Blease v. Gerlington, 92 U.S. 1 (1875)

Blease v. Gerlington

92 U.S. 1


1. Cases in equity come here from the circuit courts and the district courts sitting as circuit courts by appeal, and are heard upon the proofs sent up with the record. No new evidence can be received here.

2. So much of the Judiciary Act of 1789 as relates to the oral examination of witnesses in open court in causes in equity was not expressly repealed until the adoption of the Revised Statutes, sec. 86l of which provides that "the mode of proof in causes of equity and of admiralty and maritime jurisdiction shall be according to the rules now or hereafter prescribed by the Supreme Court, except as herein specially provided."

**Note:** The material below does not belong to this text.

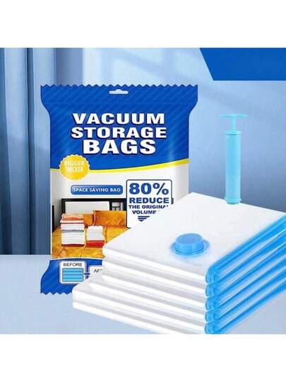 Juego de 6 unidades/8 unidades Bolsas de almacenamiento al vacío con bordes azules gruesos y transparentes para edredón, ropa, viaje - Multicolor - Añade 5

3. While this Court does not say that even since the Revised Statutes, the circuit courts may not in their discretion, under the operation of existing rules, permit the examination of witnesses orally in open court upon the hearing of cases in equity, it does say that they are not now by law required to do so, and that if such practice is adopted in any case, the testimony presented in that form must be taken down, or its substance stated in writing and made part of the record or it will be entirely disregarded here on an appeal.

4. If testimony is objected to and ruled out, it must still be sent here with the record, subject to objection, or the ruling will not be considered. A case will not be sent back to have the rejected testimony taken, even though this Court might, on examination, be of opinion that the objection ought not to have been sustained.

5. As this cause is in equity, the Act of 1872, 17 Stat. 197; Rev.Stat., sec. 914, has no application to it.

6. Where a party, knowing the pecuniary condition of a debtor, purchased a claim against him of an ascertained amount, an opinion, however erroneous, expressed by the seller as to the value of the claim does not affect the validity of the sale. Under such circumstances, each party is presumed to rely upon his own judgment.